Exercise description → Write out the lines below once more, exactly as they appear. Do not include pictures.
[[ Information shown, beginning ]]
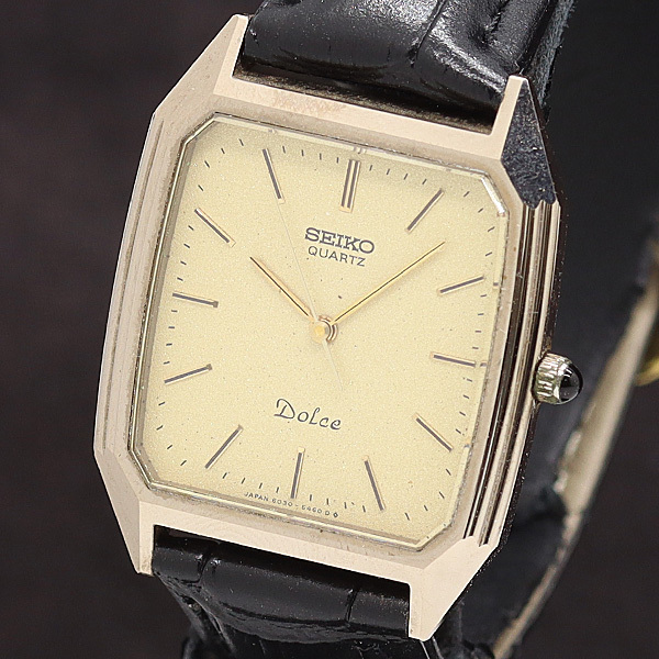 1円 稼働 セイコー ドルチェ 6030-5390 220513 QZ ゴールド文字盤 メンズ腕時計 0506000 11ERT SMZ
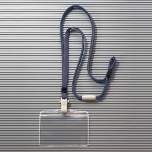 ライオン事務器 つりさげ名札 ヨコ型 ソフトタイプ 平ひも グレー N-73MR 1個
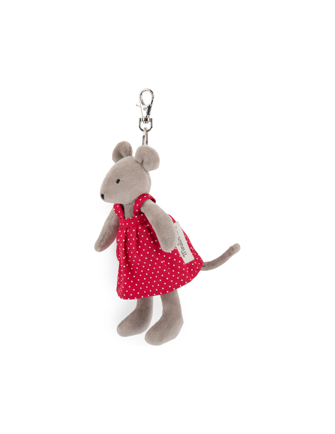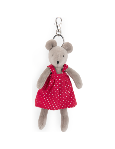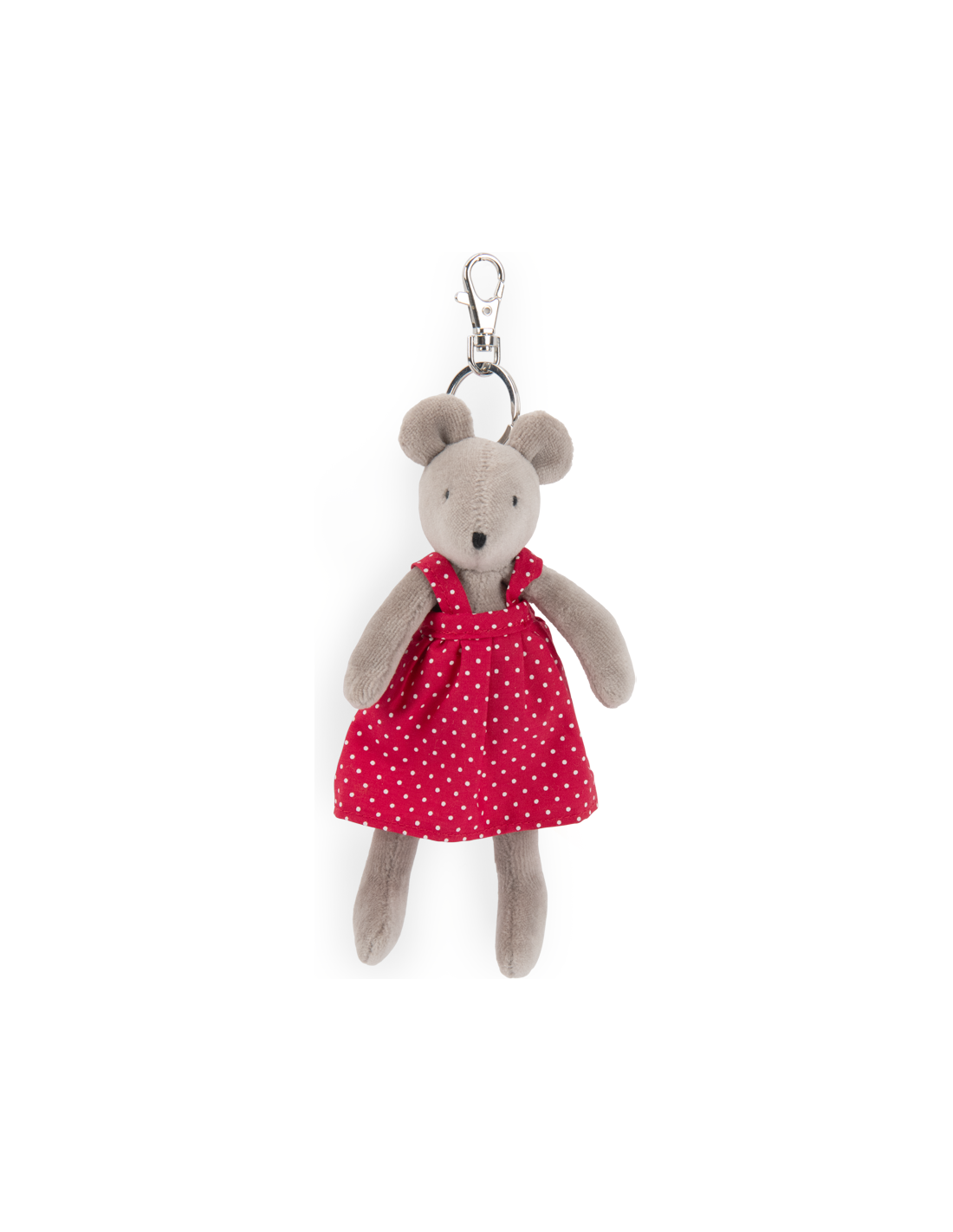 Porte-clé Nini, la souris de la fratrie, de 16 cm. Vêtue de sa robe à pois et son anneau, accrochez-la à vos clés, votre sac ou votre trousse, et laissez cette coquette demoiselle vous accompagner partout !
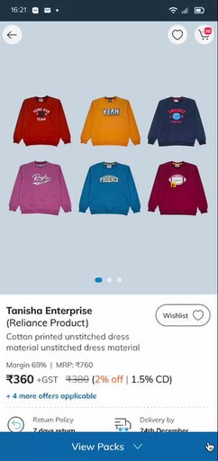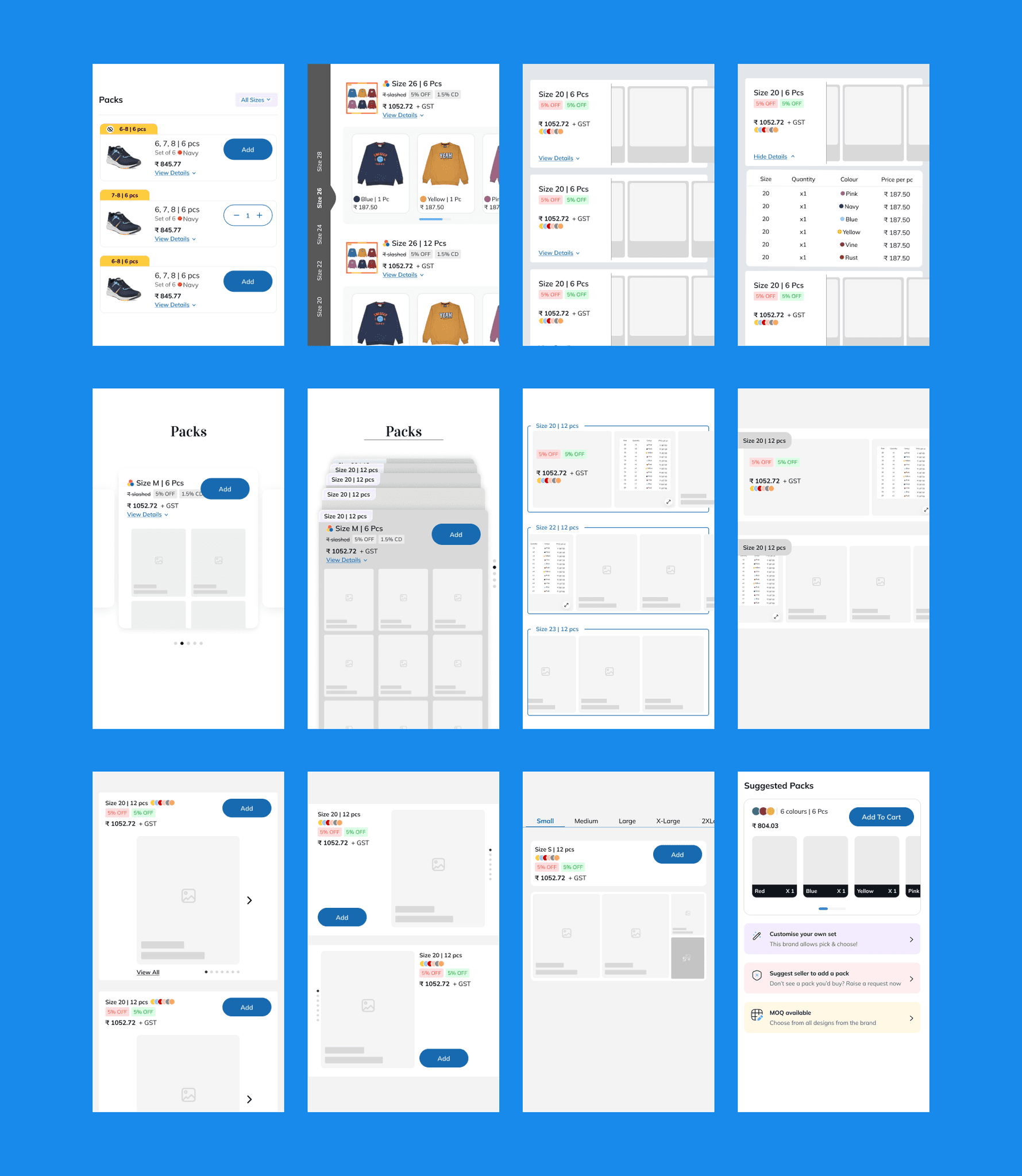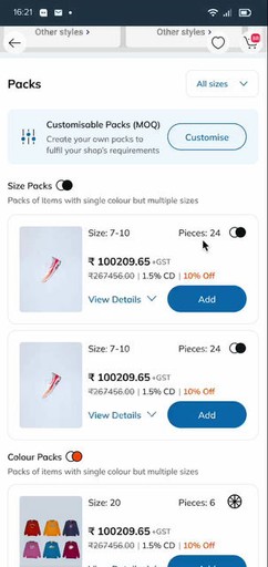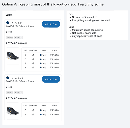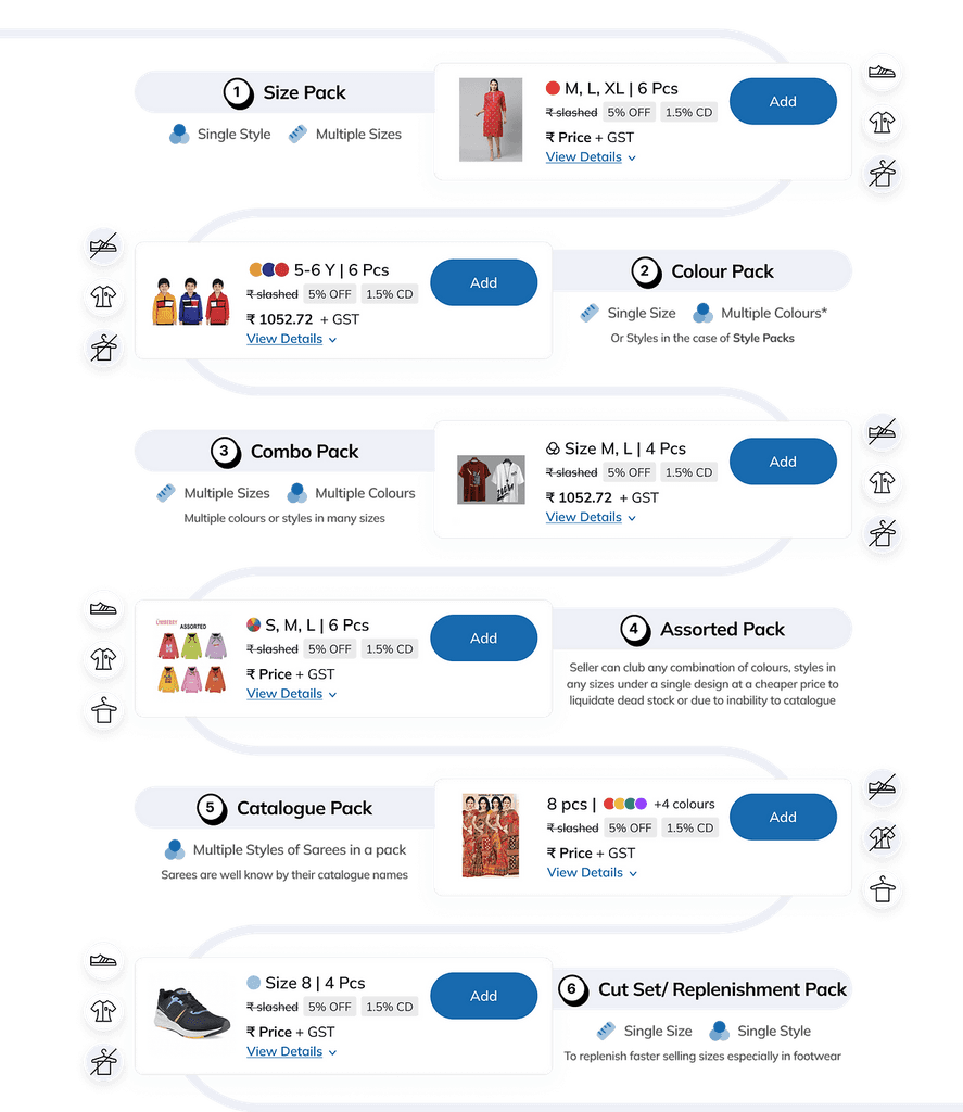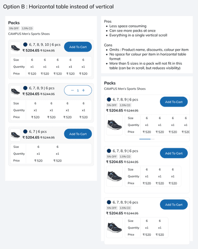 Packs with colour variants would have images in horizontal scroll for retailers to closely evaluate colours and style details with purchasing
[[ Information shown, end ]]
Result →
 1円 稼働 セイコー ドルチェ 6030-5390 220513 QZ ゴールド文字盤 メンズ腕時計 0506000 11ERT SMZ
 ライオン事務器 つりさげ名札 ヨコ型 ソフトタイプ 平ひも グレー N-73MR 1個
 Porte-clé Nini, la souris de la fratrie, de 16 cm. Vêtue de sa robe à pois et son anneau, accrochez-la à vos clés, votre sac ou votre trousse, et laissez cette coquette demoiselle vous accompagner partout !
 Packs with colour variants would have images in horizontal scroll for retailers to closely evaluate colours and style details with purchasing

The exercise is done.